Nutritional Information on Steel-Cut Oats Vs. Other Oatmeal

All oatmeal starts as whole groat oats, which are then processed to varying degrees. The process begins with heating and cooling the oat groats to help give them a nutty flavor. After this, oat groats are processed into ground groats, steel-cut oats, old-fashioned rolled oats, quick-cooking oats and instant oatmeal. Overall, oatmeal is one of the healthier breakfast items you can consume, but there are differences in nutrition with steel-cut oats compared to other varieties.

A large bowl of oatmeal. (Image: Evna11/iStock/Getty Images)

Glycemic Index

Steel-cut oats are made by cutting whole oat groats two or three times. The cut pieces of groats are neither steamed nor rolled. Since they do not go through this process, they are more intact than thick-rolled or instant oats. This causes steel-cut oats to have more surface area, which slows digestion. A larger surface area causes the stomach to work longer to break down steel-cut oats.
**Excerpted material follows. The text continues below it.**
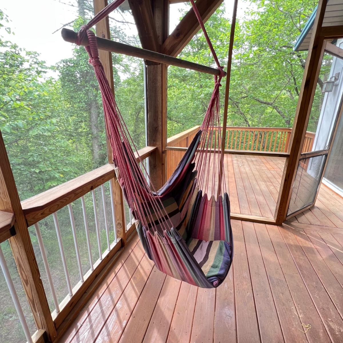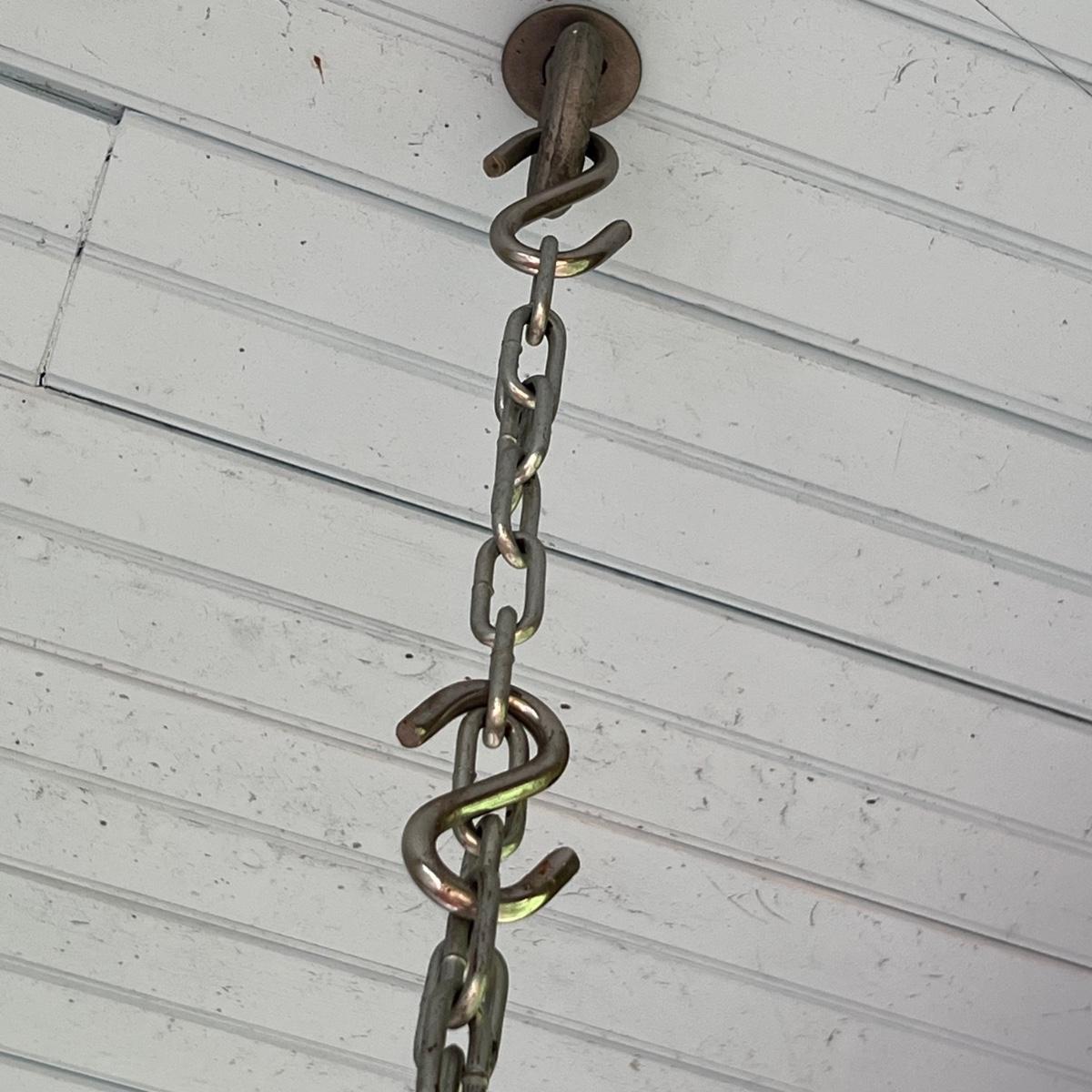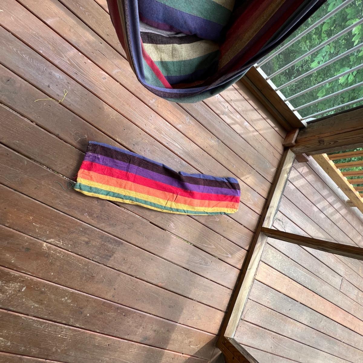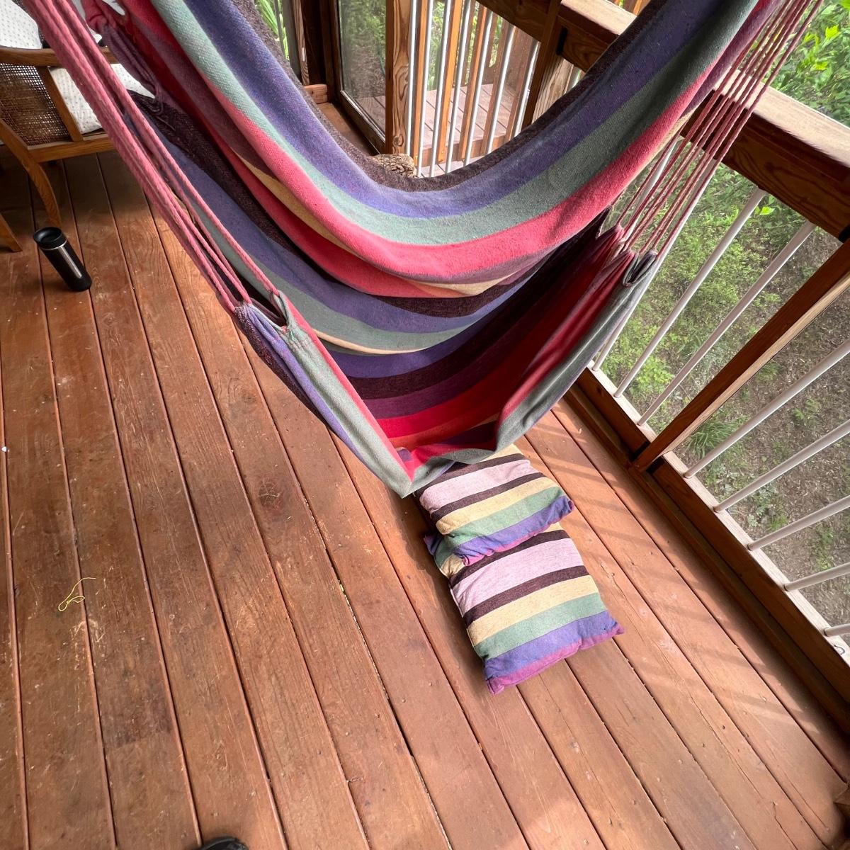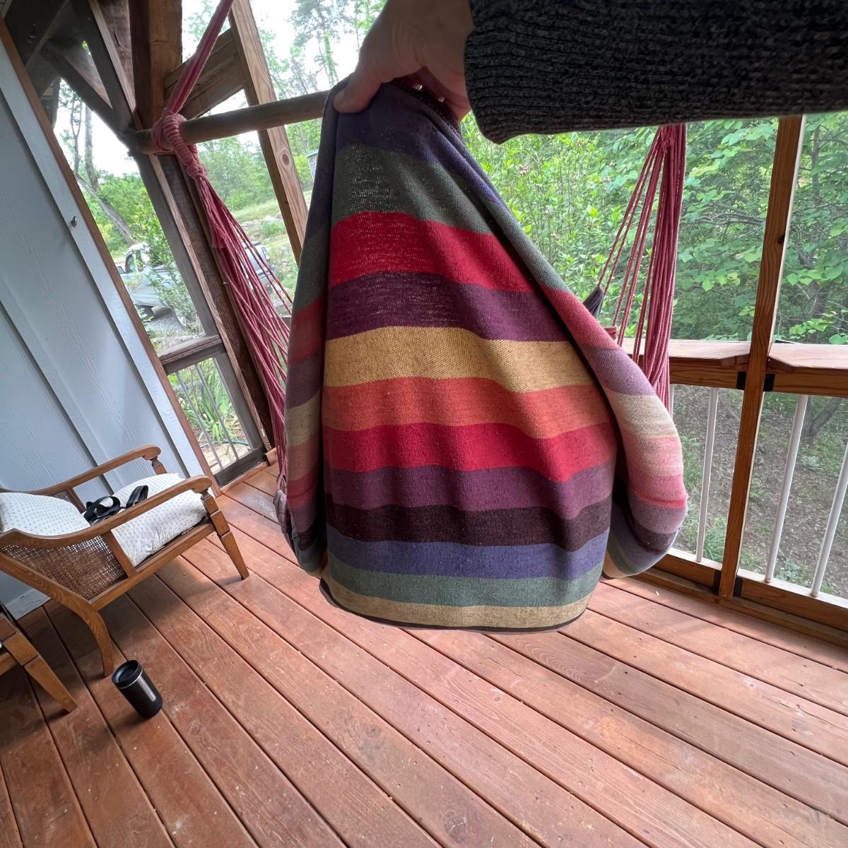This striped hammock chair has pink rope sides attached to a wood pole that measures 39”. It does have some fading on the back side. See images for measurements. Chain is included but not the ring attached to the ceiling. Winning bidder will be responsible for taking this down. Lot also includes a drawstring bag.
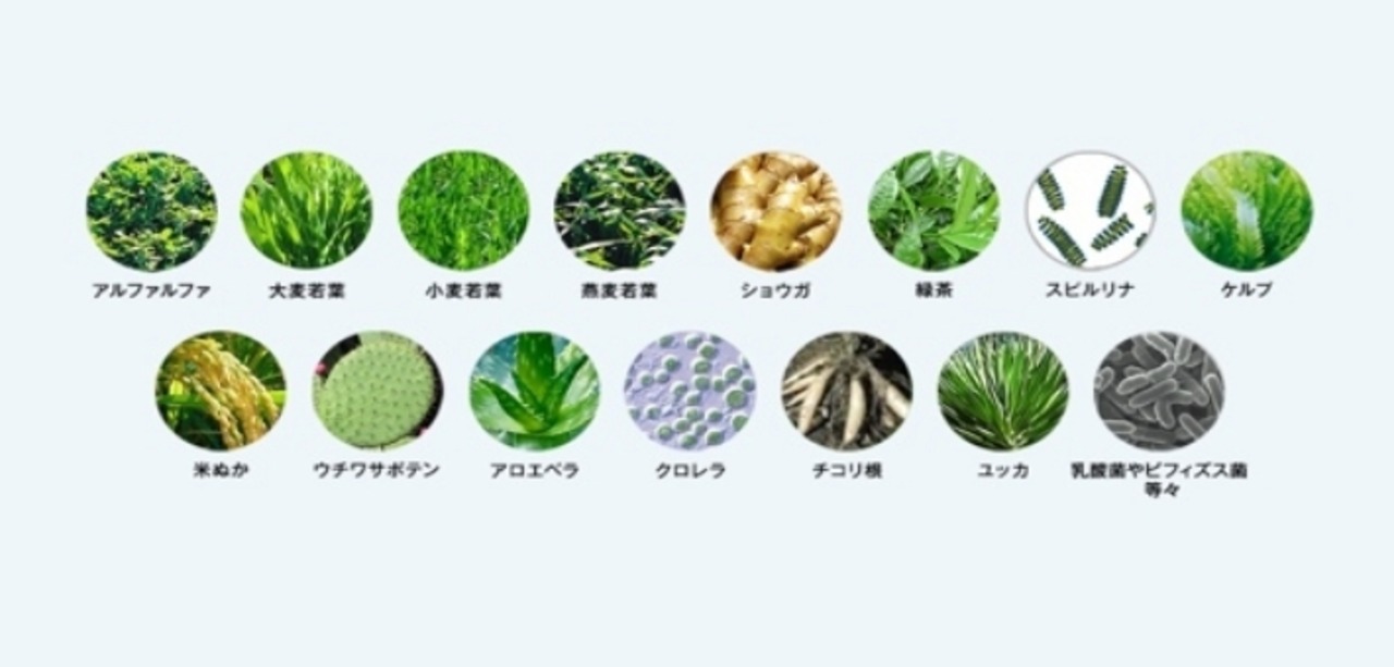 【原材料】アルファルファジュースパウダー 、 チコリ根 、 スピルリナ 、小麦若葉 、 燕麦若葉 、 大麦若葉 、緑茶、 クロレラ 、米ぬか、ウチワサボテン、パイナップルパウダー、ショウガ、 ケルプ(海藻末)、ダルス(海藻末)、アロエベラ、 乳酸菌(ラクトバチルス ガセリ)、ビフィズス菌(ビフィドバクテリウム ロングム、ビフィドバクテリウム ビフィダム)、ユッカ/甘味料(ステビア)

The glycemic index, a measurement of the rise in blood sugar, is only 42 for steel-cut oats compared with 66 for instant oatmeal.


Oatmeal in general is a good source of B vitamins and vitamin E. Both vitamin groups act as antioxidants and help support healthy cell function. Additionally, steel-cut oats contain calcium, iron, protein and potassium. Calcium and potassium help support healthy blood pressure. Although steel-cut oats are processed less than other varieties, they contain only slightly more nutrients. Steel-cut oats do have more protein and calcium than old-fashioned and instant oats do.


Fiber helps you control your blood sugar levels and can provide satiety after a meal. Steel-cut oats have twice the amount of fiber per 1/4 cup than old-fashioned or instant oats have. Every 1/4 cup of steel-cut oats you eat provides you with 4 grams of fiber. Steel-cut oats can help you reach your daily goal of 25 to 30 grams of fiber, as recommended by the Academy of Nutrition and Dietetics.

Cooking Time vs. Nutrition

Steel-cut oats take longer to cook than other varieties with the exception of whole groats. On average, steel-cut oats take around 20 more minutes to cook than rolled oats. Instant oats may take as little as one minute to cook. Soaking steel-cut oats the night before can reduce the cooking time in the morning.